Configuration for running jobs on Princeton’s Tiger cluster.

The following BPS configuration parameters are recognised, overriding the defaults:

  • nodes (int): number of nodes for each Slurm job.

  • cores_per_node (int): number of cores per node for each Slurm job.

  • walltime (str): time limit for each Slurm job.

  • mem_per_node (int): memory per node (GB) for each Slurm job.

  • max_blocks (int): maximum number of blocks (Slurm jobs) to use.

  • cmd_timeout (int): timeout (seconds) to wait for a scheduler.

  • singleton (bool): allow only one job to run at a time; by default True.

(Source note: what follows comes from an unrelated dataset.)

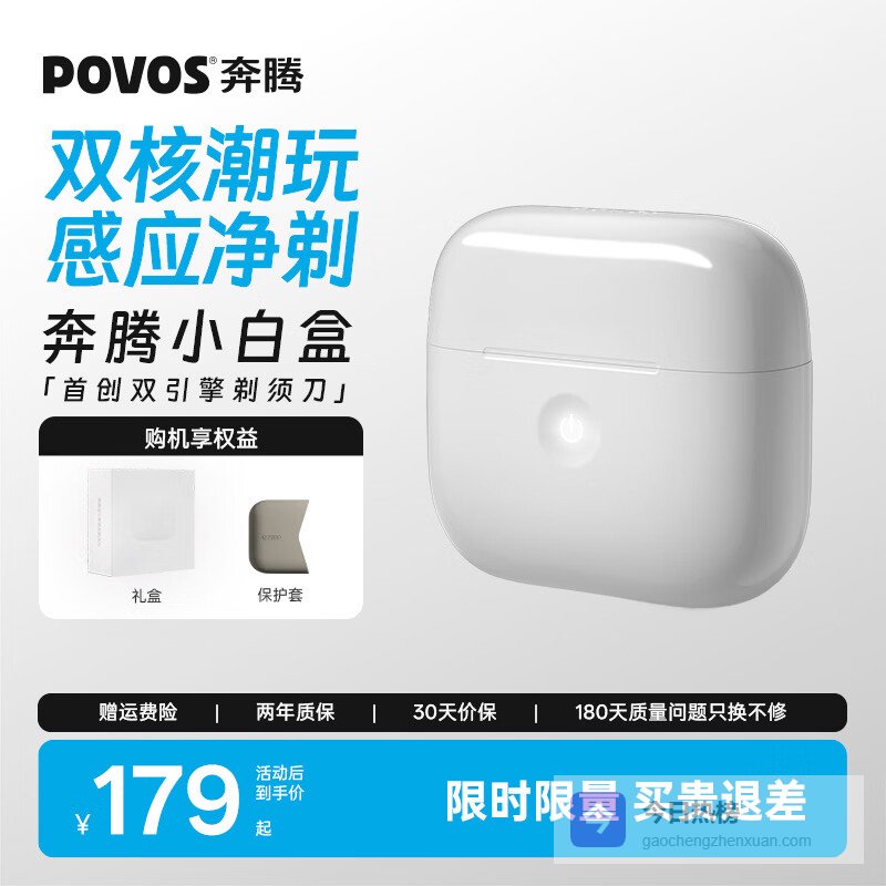奔腾(POVOS)小白盒双引擎剃须刀电动男士智能感应便捷式迷你刮胡刀全身水洗T002送男友送老公父亲节礼物 小白盒【T002】 单机热销款¥

When running on the Tiger cluster, you should operate on the /scratch/gpfs filesystem, rather than /projects or /tigress; the latter are not even mounted on the cluster nodes any more.

Methods Summary

get_address()

Return the IP address of the machine hosting the driver/submission.

get_executors()

Get a list of executors to be used in processing.

select_executor(job)

Get the label of the executor to use to execute a job.

Methods Documentation

get_address() str#

Return the IP address of the machine hosting the driver/submission.

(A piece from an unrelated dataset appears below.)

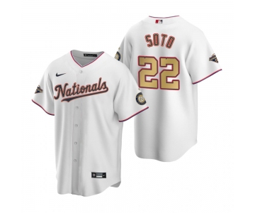 Youth Washington Nationals #22 Juan Soto White Gold 2019 World Series Champions Stitched MLB Cool Base Nike Jersey
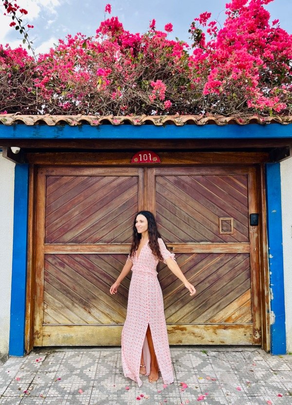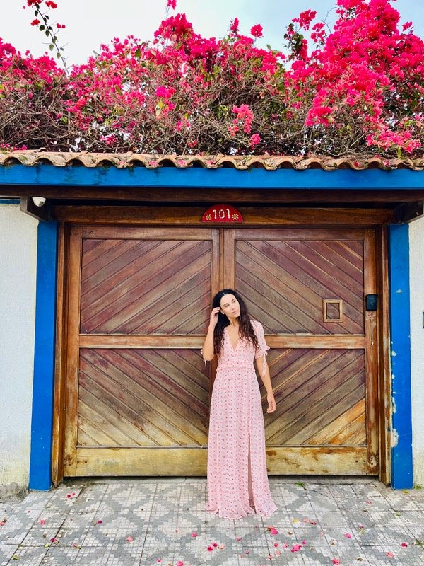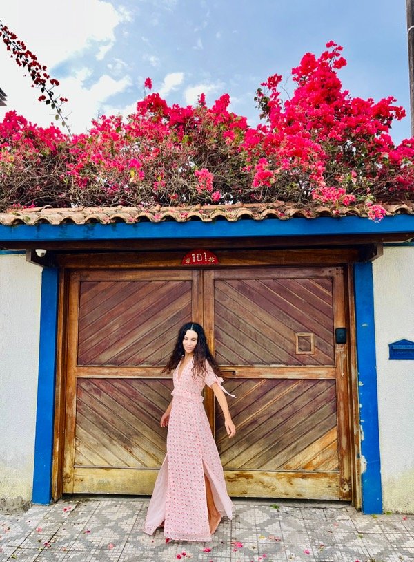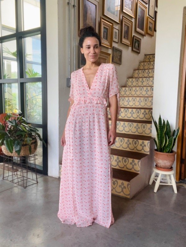 Vestido confeccionado en gasa, todo forrado con cierre invisibles.

This host machine address should be accessible from the workers and should generally be the return value of one of the functions in parsl.addresses.

This is used by the default implementation of get_monitor, but will generally be used by get_executors too.

This implementation gets the address from the Infiniband network interface, because the cluster nodes can’t connect to the head node through the regular internet.

get_executors() list[ParslExecutor]#

Get a list of executors to be used in processing.

Each executor should have a unique label.

The walltime default here is set so we get into the tiger-vshort QoS, which will hopefully reduce the wait for us to get a node. Then, we have one Slurm job running at a time (singleton) while another saves a spot in line (max_blocks=2). We hope that this will allow us to run almost continually until the workflow is done.

We set the cmd_timeout value to 300 seconds to help avoid TimeoutExpired errors when commands are slow to return (often due to system contention).

select_executor(job: ParslJob) str#

Get the label of the executor to use to execute a job.

Parameters#

jobParslJob

Job to be executed.

Returns#

labelstr

Label of executor to use to execute job.